● YOUR GOAL
Omit all pictures. Print the remaining lines exactly, from the start of the data through the line containing "Оформите дом по-новогоднему".

+++ DATASET EXTRACT +++

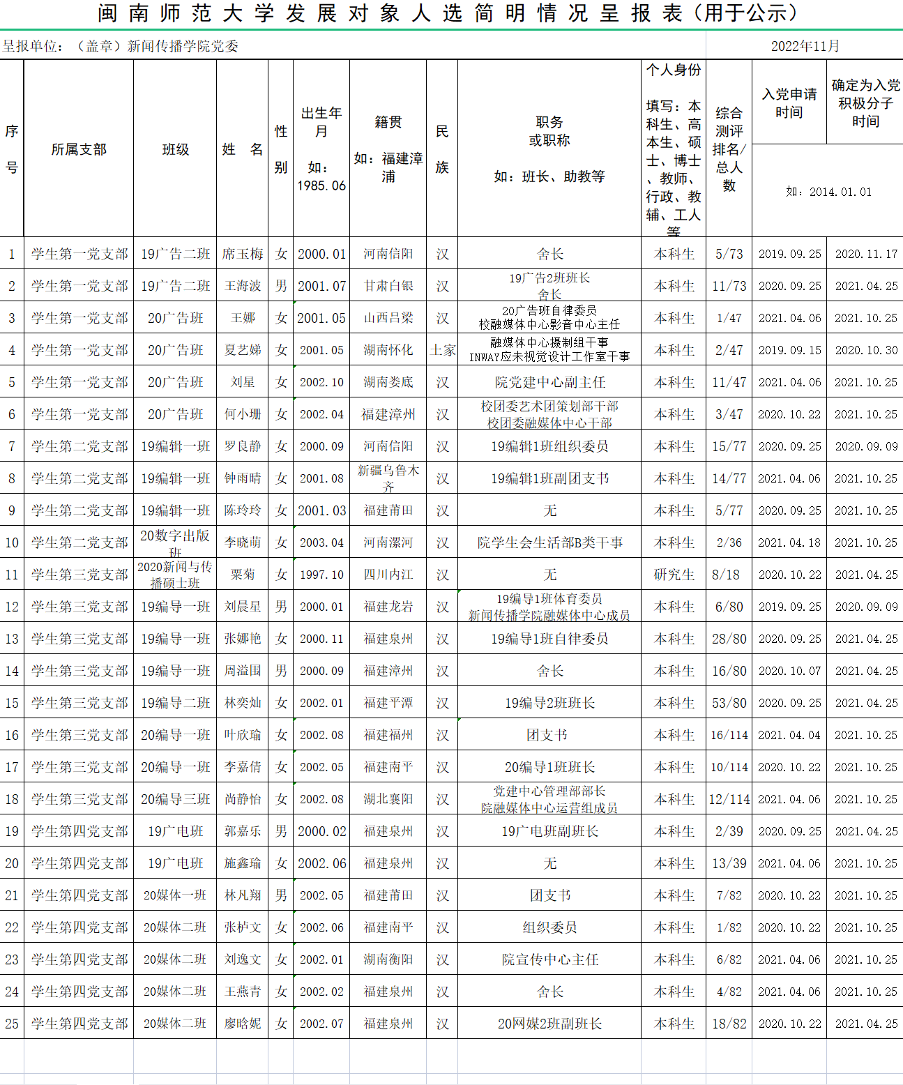 关于对2022年11月拟确定为党员发展对象人选公示的公告
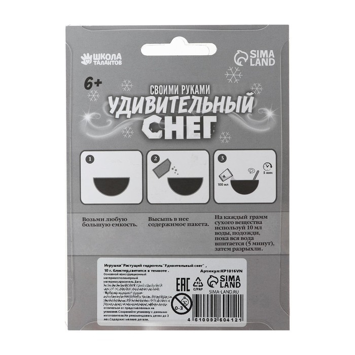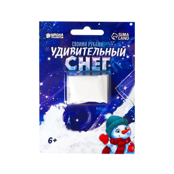 Оформите дом по-новогоднему ярко с помощью искусственного снега. Это праздничное украшение легко можно создать самому: добавьте воды в готовую смесь, подождите 5 минут — и пушистый нетающий снег готов. Из 10 г сухого вещества получится около 300 г снежного декора.
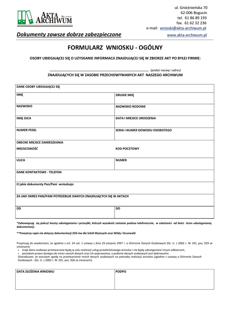 ul. Gnieźnieńska 70 62-006 Bogucin tel. 61 86 89 193 fax. 61 62 32 236 e-mail: [email protected] Dokumenty zawsze dobrze zabezpieczone www.akta-archiwum.pl FORMULARZ WNIOSKU - OGÓLNY OSOBY UBIEGAJĄCEJ SIĘ O UZYSKANIE INFORMACJI ZNAJDUJĄCEJ SIĘ W ZBIORZE AKT PO BYŁEJ FIRMIE: ............................................................................................. (podać nazwę i adres) ZNAJDUJĄCYCH SIĘ W ZASOBIE PRZECHOWYWANYCH AKT NASZEGO ARCHIWUM DANE OSOBY UBIEGAJĄCEJ SIĘ IMIĘ DRUGIE IMIĘ NAZWISKO NAZWISKO RODOWE IMIĘ OJCA DATA I MIEJSCE URODZENIA NUMER PESEL SERIA I NUMER DOWODU OSOBISTEGO OBECNE MIEJSCE ZAMIESZKANIA MIEJSCOWOŚĆ KOD POCZTOWY ULICA NUMER DANE KONTAKTOWE - TELEFON O jakie dokumenty Pan/Pani wnioskuje: ZA JAKI OKRES PAN/PANI POTRZEBUJE DANYCH ZNAJDUJĄCYCH SIĘ W AKTACH OD DO *Zobowiązuję się pokryć koszty udostępniania i przesyłki, których wysokość zostanie podana telefonicznie, w zależności od ilości stron udostępnianej dokumentacji. **Powyższy sapis nie dotyczy dokumentacji ZOZ-ów dla Szkół Wyższych oraz Wildy i Grunwald Przyjmuję do wiadomości, że zgodnie z art. 24 ust. 1 ustawy z dnia 29 sierpnia 1997 r. o Ochronie Danych Osobowych (Dz. U. z 2002 r. Nr 101, poz. 929 ze zmianami): • moje dane osobowe przetwarzane będą w celu realizacji usług przedmiotowego wniosku i nie będą udostępniane innym odbiorcom, • posiadam prawo dostępu do treści swoich danych oraz ich poprawiania, a podanie danych osobowych jest dobrowolne. Oświadczam, że wyrażam zgodę na przetwarzanie moich danych osobowych na potrzeby realizacji wniosku (zgodnie z ustawą o Ochronie Danych Osobowych - (Dz. U. z 2002 r. Nr 101, poz. 926 ze zmianami). DATA ZŁOŻENIA WNIOSKU PODPIS
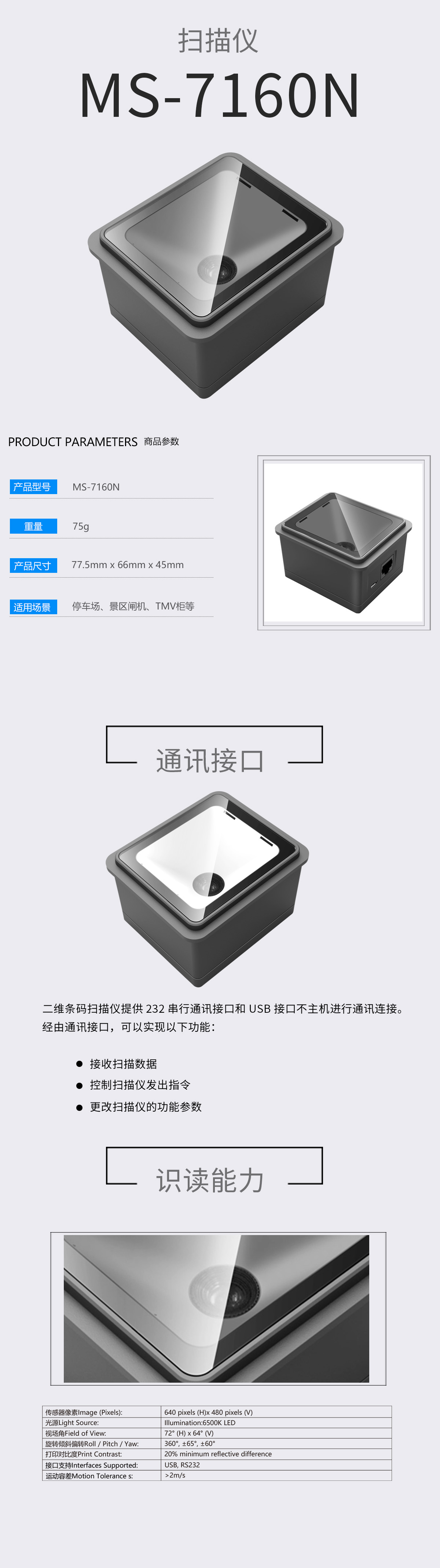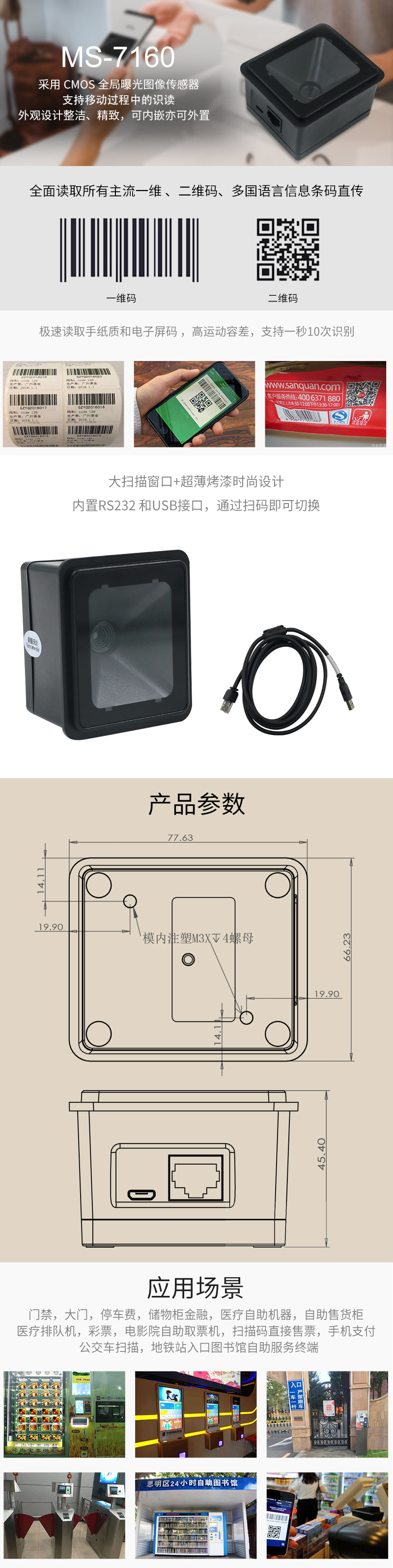 美松嵌入式掃描模塊MS-7160N掃描物體自感應(yīng),多國語言條碼信息直傳,內(nèi)置RS232和USB接口,大視角影像感光器,支持紙質(zhì)條碼和無背光屏幕條碼讀取,二維碼掃描平臺,嵌入式掃描模塊,電子支付盒固定式掃碼盒可二次開發(fā).全面讀取所有主流一維 ,二維碼,多國語言信息條碼直傳;物體自感應(yīng),2M/S運動容差;內(nèi)置RS232 和USB接口,通過掃碼即可切換;3.3-5V寬電壓輸入,無懼電壓波動;大掃描窗口+超薄烤漆時尚設(shè)計;極速讀取手紙質(zhì)和電子屏碼。
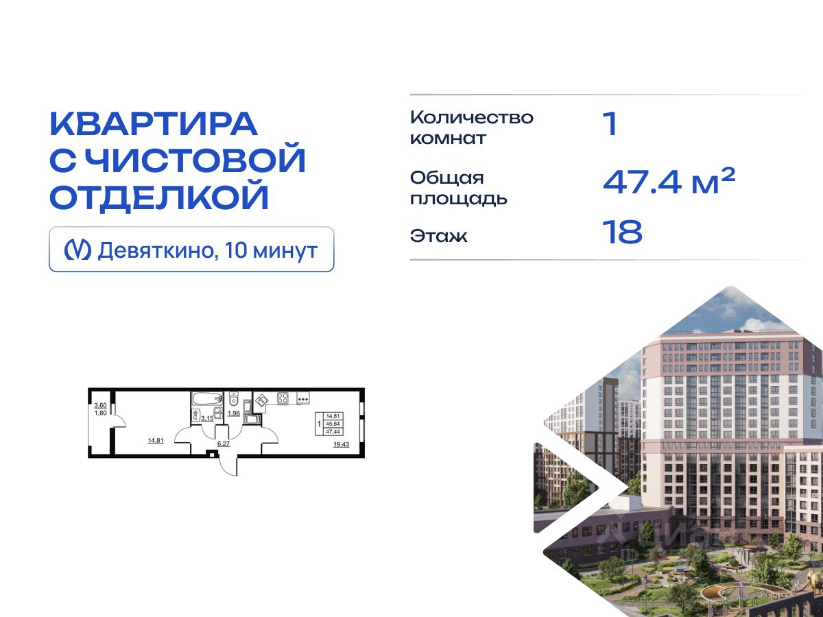 Продается однокомнатная квартира в жилом комплексе "Высота. Новодевяткино" от ГК СТОУН нa 18 этаже. Общaя площадь cоcтaвляeт 47.44 кв. м.

+++

● RESPONSE BELOW
 关于对2022年11月拟确定为党员发展对象人选公示的公告
 Оформите дом по-новогоднему ярко с помощью искусственного снега. Это праздничное украшение легко можно создать самому: добавьте воды в готовую смесь, подождите 5 минут — и пушистый нетающий снег готов. Из 10 г сухого вещества получится около 300 г снежного декора.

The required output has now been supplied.